Working data:
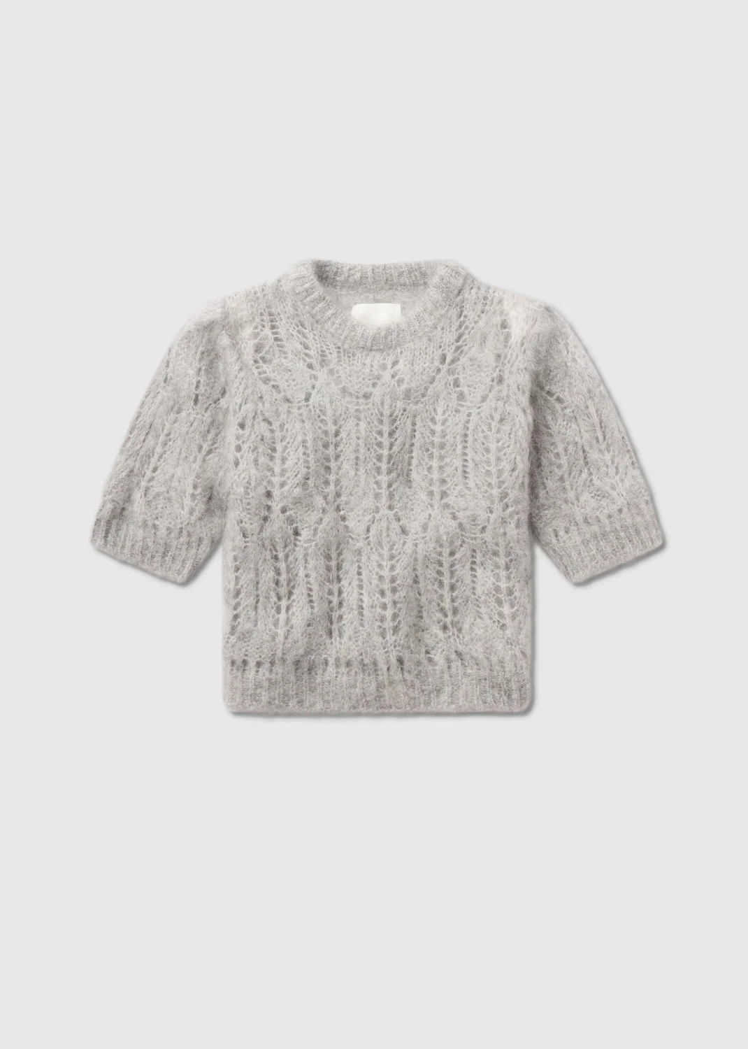 Crafted from an ultra-fine wool, the Odette sweater is designed with a sheer open weave and complete with puffed poplin sleeves. This fit is true to size. Looks Like: Light grey short sleeve knit sweater Feels Like: Wool blend sweater that is soft to the touch DETAILS Chest: 33" Body Length: 18" Sleeve Length: 10 3/4" Model is 5'10" and wearing a size Small Fabric: 37% Alpaca wool 26 % Wool 35% Polyamide 2% Viscose Care Instructions: Dry clean only. Made in Italy with imported materials 5129_HETHR
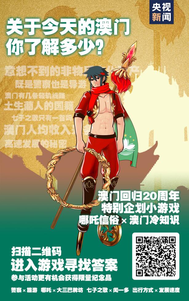 来,让我们一起来玩一个“找不同”的小游戏,找到不同,集齐装备,你不但能了解关于澳门的冷知识,还可以通过完成游戏,有机会获得中央广播电视总台新闻新媒体中心联合中国邮政推出的“澳门哪吒信俗”限量版纪念明信片。
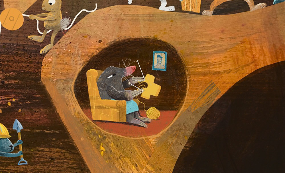 Illustration of a Mole knitting while rabbits work away digging all around them. This detail is part of a picturebook spread illustrated by Adam Ming.
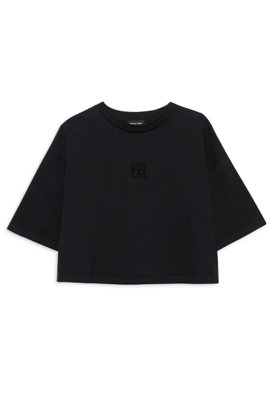 The understated Anine Bing logo adds a touch of sophistication to this relaxed cropped tee. Perfect for elevating your casual wardrobe with effortless style.
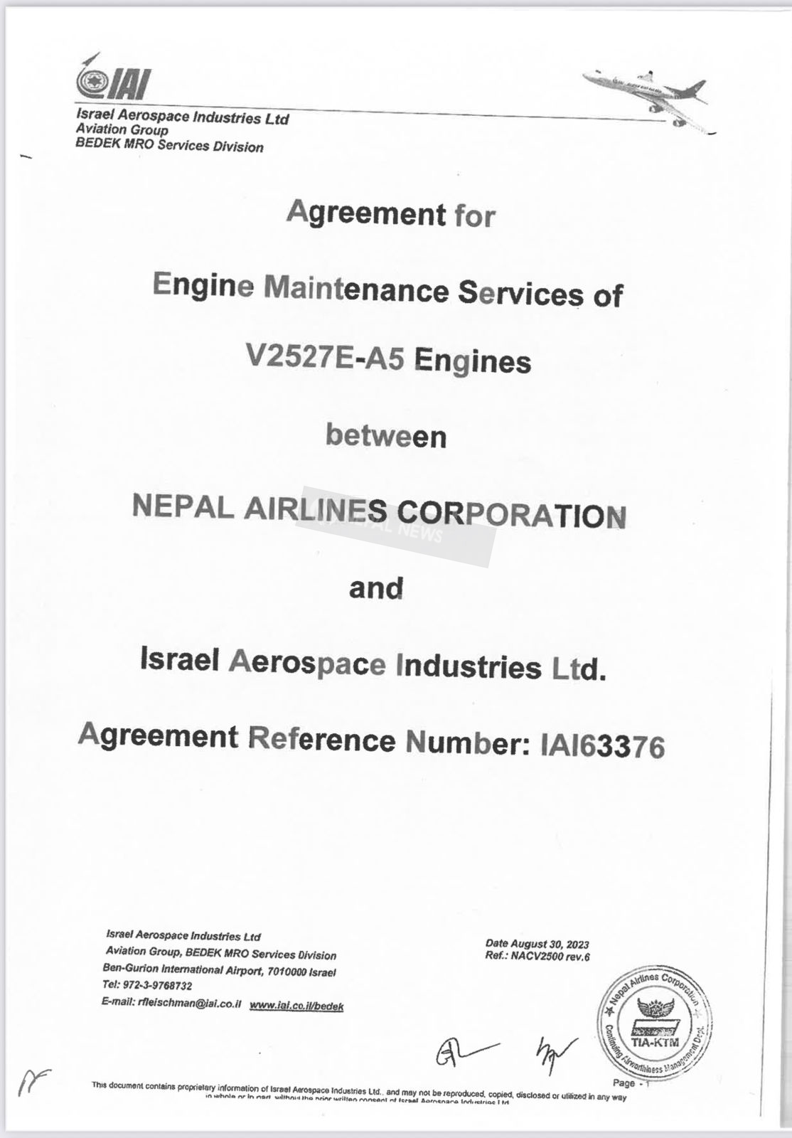 नेपाल वायुसेवा निगम र इजरायल एरोस्पेस इन्डस्ट्रिजबीच भएको इन्जिन मर्मत सम्झौता
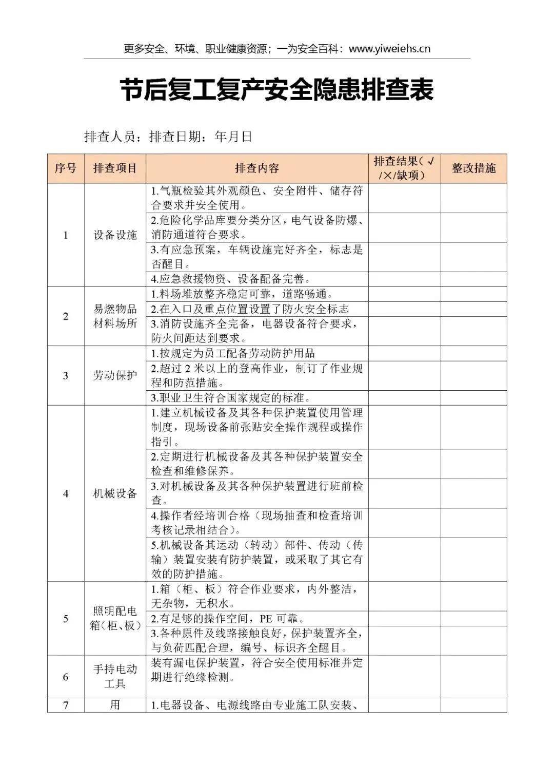 文档提供了详细的《节后复工复产安全隐患排查表》,包含设备设施、易燃物品、劳动保护、机械设备、用电安全、厂区环境、车间环境、仓库、危险品、职业危害等12大类检查项目及具体内容。
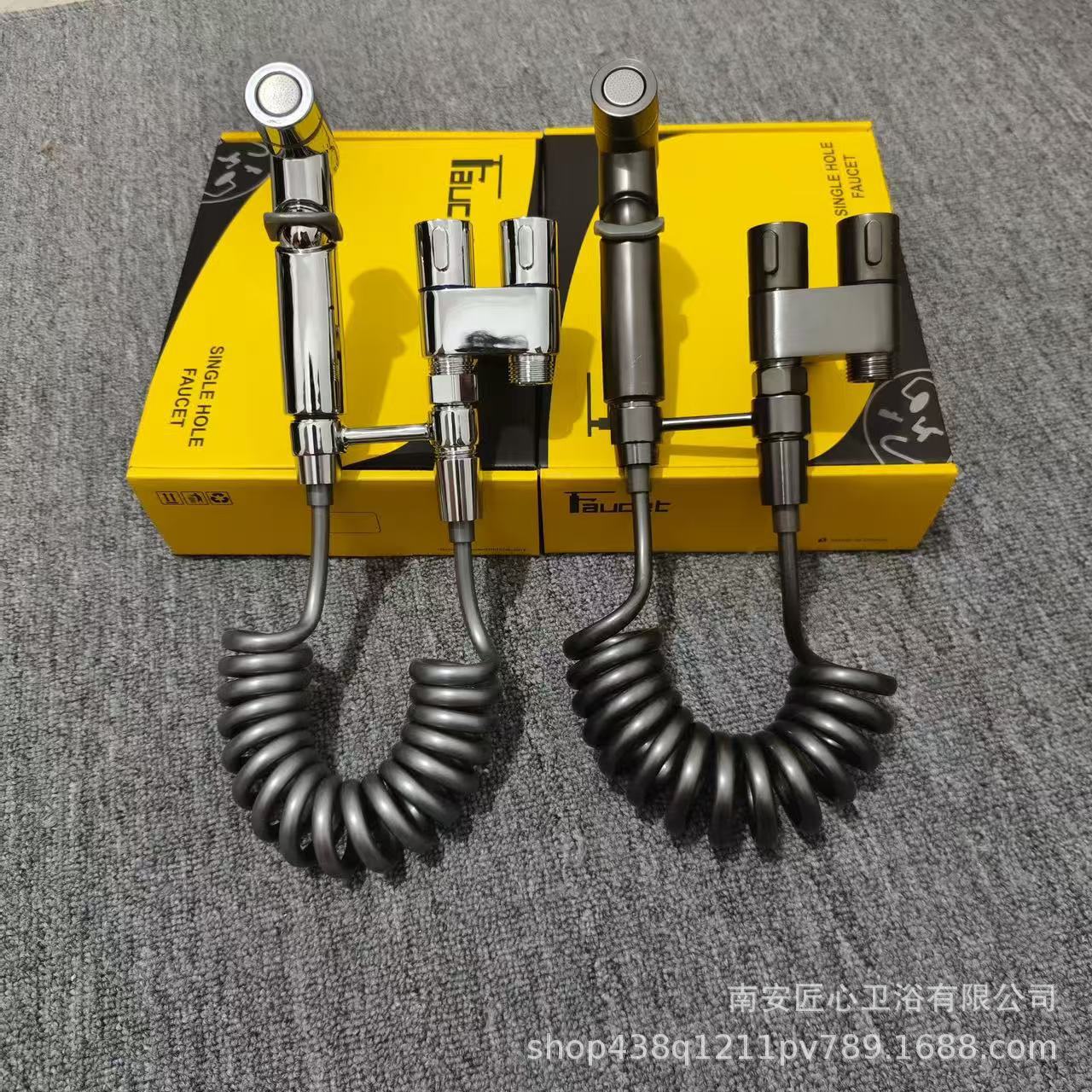 国境を越えた新しい亜鉛合金トイレ携帯型浴槽噴霧器一進二出角弁二重制御独立型スプレー
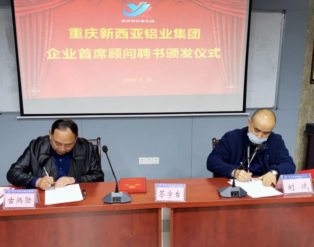 3月30日,重慶新西亞鋁業(yè)(集團(tuán))股份有限公司企業(yè)首席顧問(wèn)聘任儀式在公司舉行??偨?jīng)理劉斌參加會(huì)議,向新聘企業(yè)首席顧問(wèn)古炳勛先生頒發(fā)了聘書,并作了重要講話。
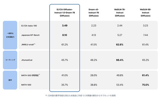 大規模言語モデル(以下、LLM)の研究開発と社会実装を進める株式会社ELYZA(代表取締役:曽根岡侑也、以下当社)は、KDDI株式会社のGPU基盤を利用して、日本語における知識・指示追従能力を強化した拡散大規模言語モデル(以下、dLLM)である「ELYZA-LLM-Diffusion」シリーズを開発し、商用利用可能な形で公開しました。本モデルの公開に併せて、デモも公開しております。ぜひお試しください。
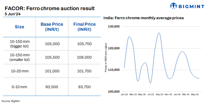 In yesterday’s Vedanta-FACOR auction, the larger lot (10-150 mm) fetched INR 105,700/t exw against a base price of INR 105,000/t, while the smaller lot fetched INR 106,000/t exw, INR 500/t up from base price. Both prices dropped by INR 500-900/t since the last auction on 8 May, indicating continued low interest in higher ferro chrome prices.

Instructions for the task:
All that should be printed is the lines from the one containing "नेपाल वायुसेवा निगम" through the last line of the material above, both ends included, exactly as they stand; please skip the pictures.

Task output:
 नेपाल वायुसेवा निगम र इजरायल एरोस्पेस इन्डस्ट्रिजबीच भएको इन्जिन मर्मत सम्झौता
 文档提供了详细的《节后复工复产安全隐患排查表》,包含设备设施、易燃物品、劳动保护、机械设备、用电安全、厂区环境、车间环境、仓库、危险品、职业危害等12大类检查项目及具体内容。
 国境を越えた新しい亜鉛合金トイレ携帯型浴槽噴霧器一進二出角弁二重制御独立型スプレー
 3月30日,重慶新西亞鋁業(yè)(集團(tuán))股份有限公司企業(yè)首席顧問(wèn)聘任儀式在公司舉行??偨?jīng)理劉斌參加會(huì)議,向新聘企業(yè)首席顧問(wèn)古炳勛先生頒發(fā)了聘書,并作了重要講話。
 大規模言語モデル(以下、LLM)の研究開発と社会実装を進める株式会社ELYZA(代表取締役:曽根岡侑也、以下当社)は、KDDI株式会社のGPU基盤を利用して、日本語における知識・指示追従能力を強化した拡散大規模言語モデル(以下、dLLM)である「ELYZA-LLM-Diffusion」シリーズを開発し、商用利用可能な形で公開しました。本モデルの公開に併せて、デモも公開しております。ぜひお試しください。
 In yesterday’s Vedanta-FACOR auction, the larger lot (10-150 mm) fetched INR 105,700/t exw against a base price of INR 105,000/t, while the smaller lot fetched INR 106,000/t exw, INR 500/t up from base price. Both prices dropped by INR 500-900/t since the last auction on 8 May, indicating continued low interest in higher ferro chrome prices.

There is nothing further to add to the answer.